On Tue, Oct 30, 2018, 4:08 PM Burak Serdar <bse...@ieee.org> wrote:
On Tue, Oct 30, 2018 at 2:15 PM Liam <networ...@gmail.com> wrote:
>
> I've compiled an outline of Requirements to Consider for Go 2 Error Handling.

>
> Recently I was asked about support for a test harness in functions that contain error handlers; my document doesn't address this. My first guess is that the tooling could generate a function to mirror the one being tested, which takes a slice argument with a handler input (or function to call) for each handler invocation site in the function:
>
> func f(i int) {                          // function to test
>    op hname = x(i)
>    handle hname T { ... }
> }
> func f_errors(i int, e [1]interface{}) { // generated for go-test
>    op hname = e[0].(T)                   // or e[0].(func(int)T)(i)
>    handle hname T { ... }
> }
>
>
> I'd love to hear other ideas about triggering error handlers from a test harness.

You don't need the new handler syntax to do this, although the 'check'
keyword would make things much easier. You can parse a function,
identify all error returning calls, and replace them with a call to a
func() passed in as an argument.

Parse & replace, yes above I suggested the compiler could do that in a testing pass, generating f_errors()

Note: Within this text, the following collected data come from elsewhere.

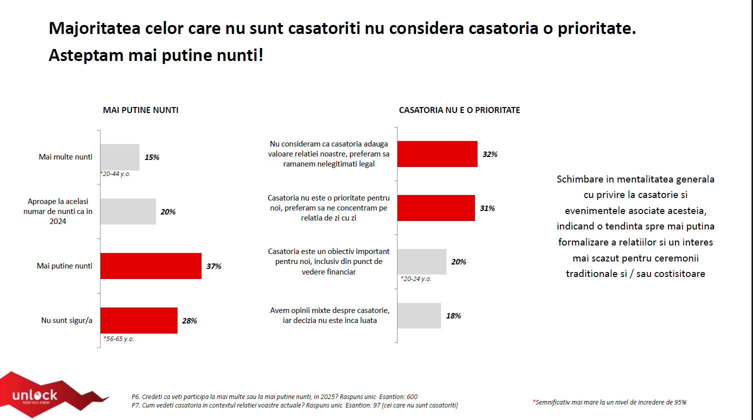 „Tinerii evită tot ce li se pare învechit din punct de vedere tradițional și nu le aduce un beneficiu imediat. De asemenea, se tem ca relația lor să nu fie influențată de aspecte tranzacționale și nu vor ca nunta să devină un spectacol sau un troc. De aceea, nu resping căsătoria în sine, ci mai degrabă ideea de nuntă”, a declarat Adina Vlad, sociolog și fondator Unlock Market Research.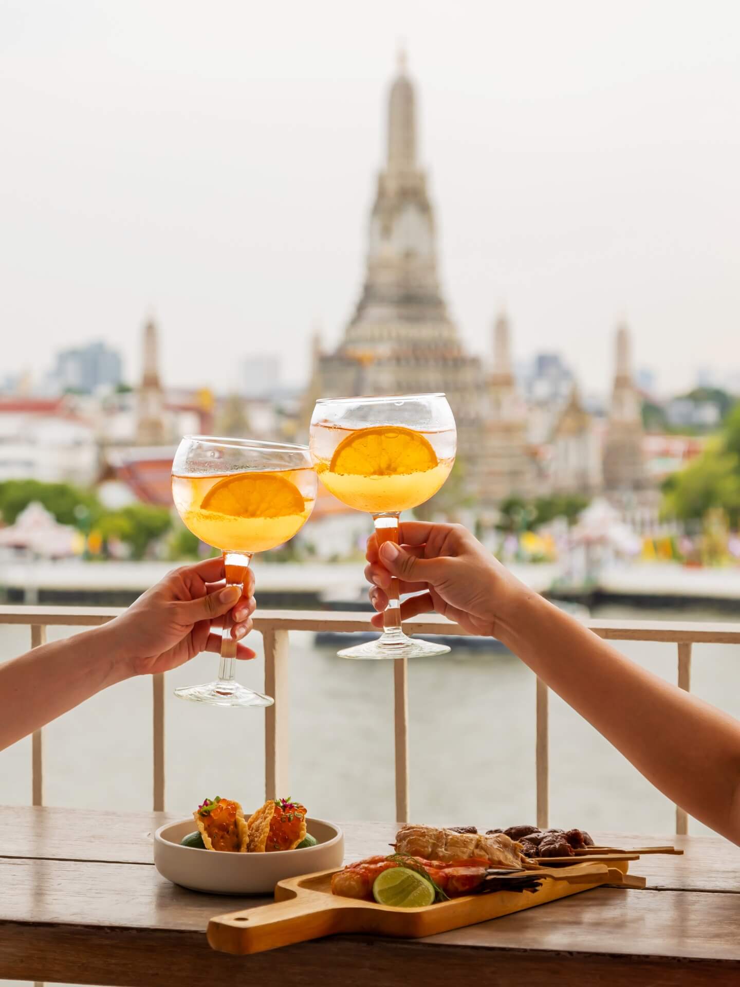 Al fresco cocktails and fresh oysters served on the fifth floor rooftop with panoramic sunset views of Wat Arun.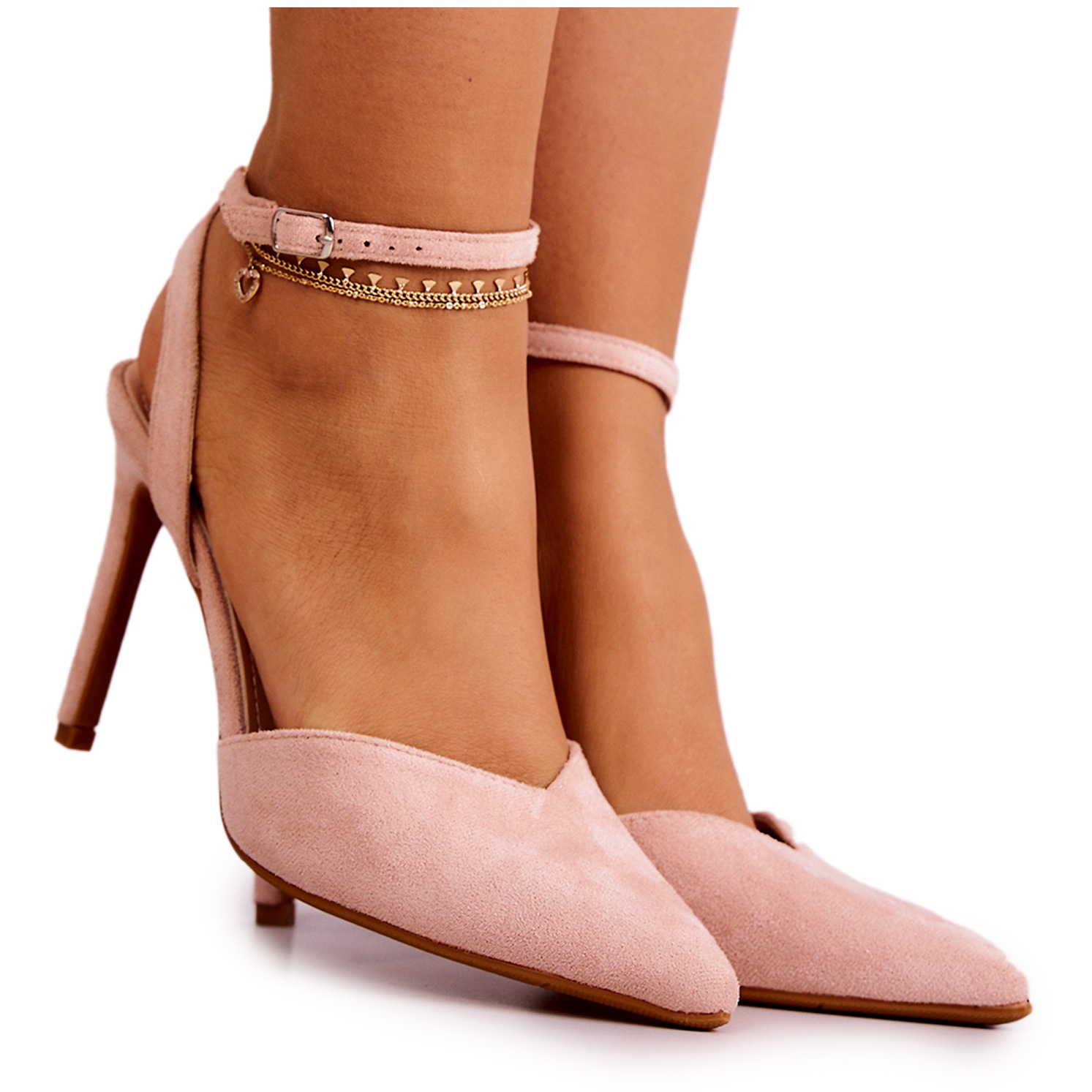 Tocurile înalte sunt concepute pentru un suport maxim pentru picior. O curea reglabilă cu cataramă se înfășoară în jurul gleznei, asigurând stabilitate, iar un stiletto înalt (10 cm) prelungește optic picioarele, oferind figurii un aspect mai suplu. Modelul se potrivește perfect stilurilor elegante - se potrivește atât cu rochii, cât și cu pantaloni eleganți.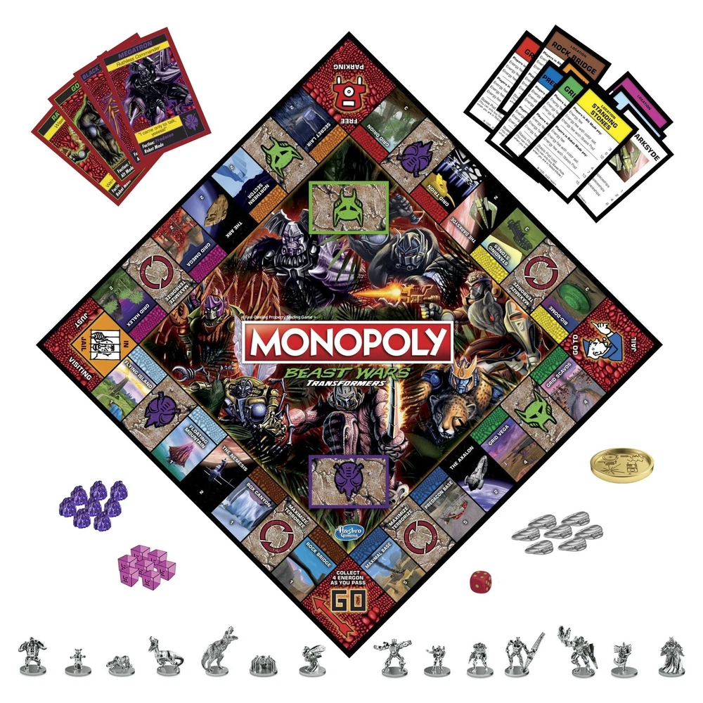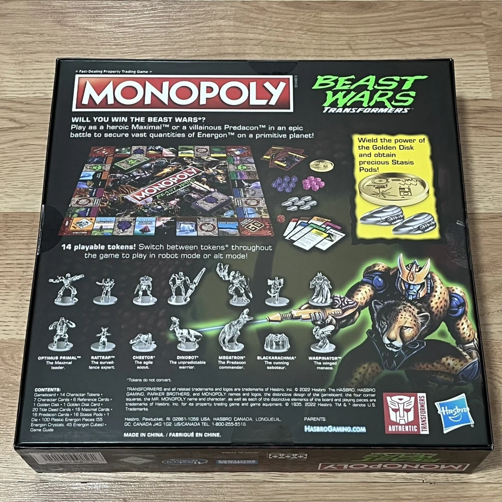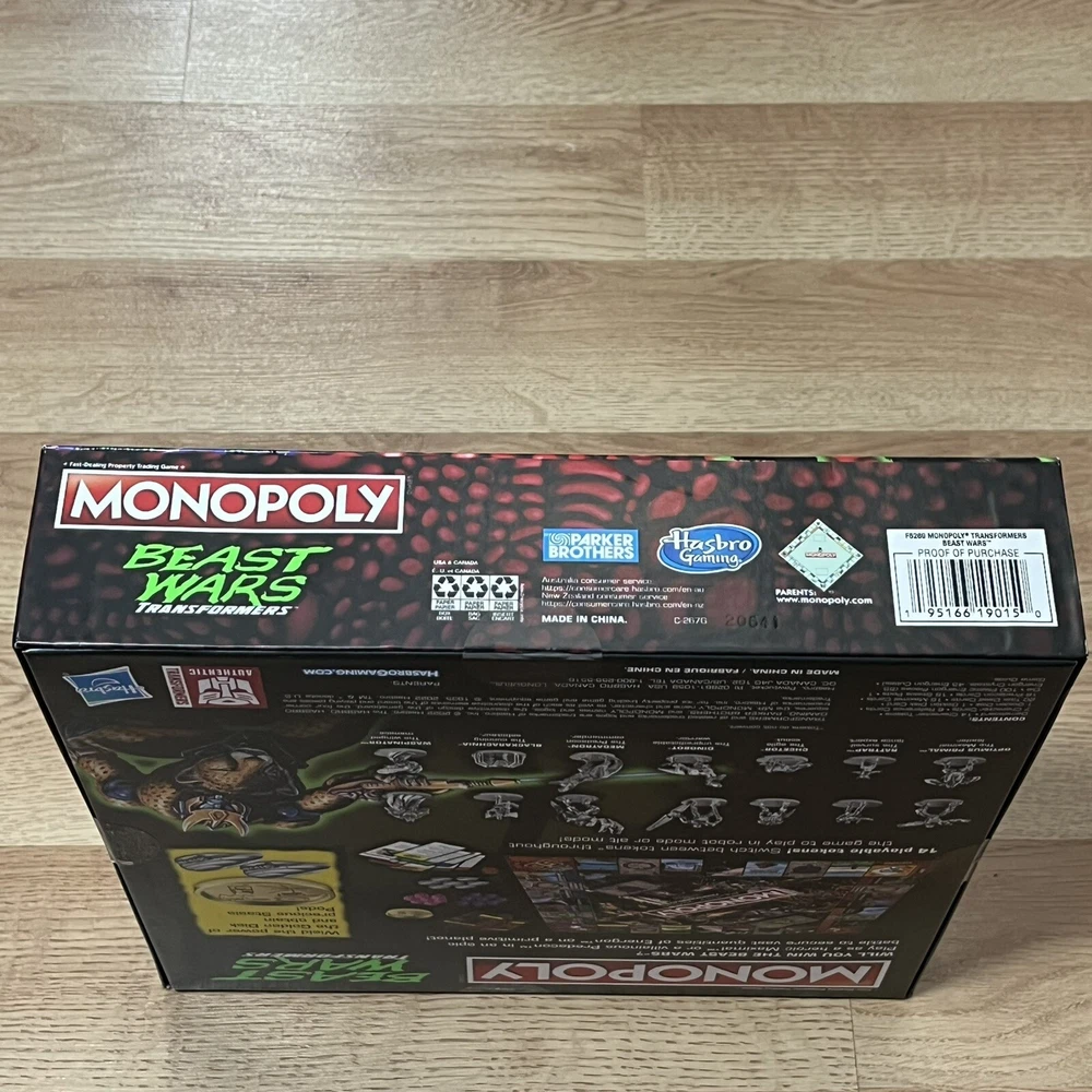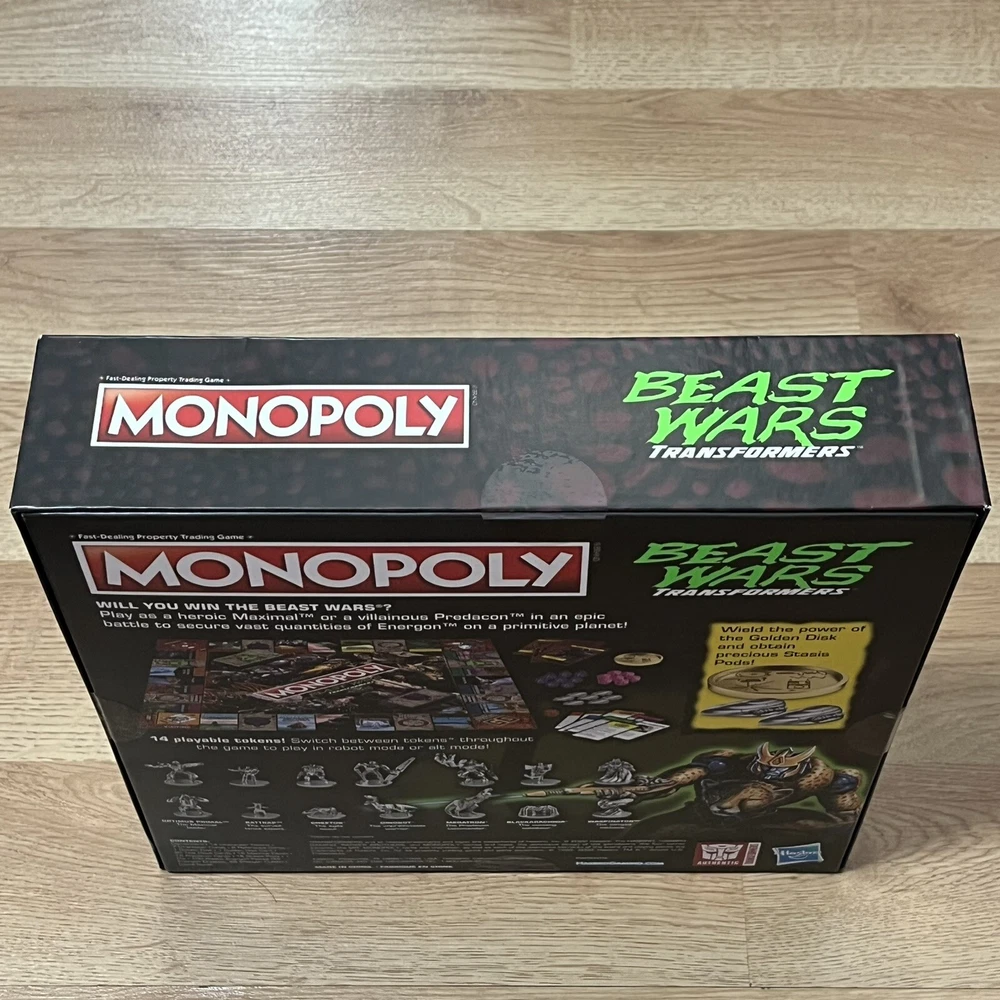 Monopoly Transformers Beast Wars Trading Board Game 14 Tokens Brand New Sealed. Condition is New. Shipped with USPS Ground Advantage. It’s Maximals vs. Predacons in a battle for the Golden Disk! The Monopoly: Transformers Beast Wars Edition board game for kids ages 8 and up is a must for Transformers fans. This 2-6 player game features gameplay inspired by the Transformers universe and iconic Transformers artwork. Race to take control of key locations and powerful spaceships, obtain Stasis Pods, and wield the Golden Disk! Properties include Bio-Dome, The Ark, and Floating Mountain, and instead of houses and hotels, this edition features Energon cubes and Energon crystals. The player with the most Energon wins the game! Includes gameboard, 14 character tokens, 7 character cards, 6 reference cards, 1 Golden Disk, 1 Golden Disk card, 20 Title Deed cards, 16 Maximal cards, 16 Predacon cards, 16 Stasis Pods, 1 die, 100 plastic Energon pieces (55 Energon Crystals, 45 Energon Cubes) and game guide. CELEBRATE 25 YEARS OF TRANSFORMERS BEAST WARS: This Monopoly: Transformers Beast Wars Edition game is a must-have collector’s edition with Transformers-themed gameboard, cards, and gameplay COLLECT PROPERTIES INSPIRED BY TRANSFORMERS: Players move around the board trying to take over locations around the Ancient planet using Energon, then installing Statis pods to charge more rent INCLUDES 14 ZINC TOKENS: Play as a favorite Transformers character in robot mode or alt mode -- players must swap modes throughout the game (Monopoly tokens do not convert.) BATTLE FOR THE GOLDEN DISK: In this Monopoly board game for Transformers fans, claim the Golden Disk for gameplay perks but watch out … another player can steal it at any moment PLAYER WITH THE MOST ENERGON WINS: This 2-6 player board game for kids ages 8 and up is an epic battle to secure vast quantities of Energon on a primitive planet

But something like this would be very hard to maintain, I think. When
you reorganize the function, you need to reorder that []interface
argument to match.

Need to reorder the argument, yes but that only adds burden for functions whose effect is unchanged by reordering.

I once did something like this, in a Java project, by manually
instrumenting the code to put named breakpoints, so I can intercept
the execution. I think in something like this the key is to be able to
invoke handlers by name, not by sequence. So if you already rewrote
the function, why not pass in a map[string]func(), keyed by handler
name?

f_errors(..., e map[string]interface{}) is a useful alternative. The compiler could generate that or f_errors(..., e []interface{}), depending on the type passed by the caller.

Thanks for the feedback!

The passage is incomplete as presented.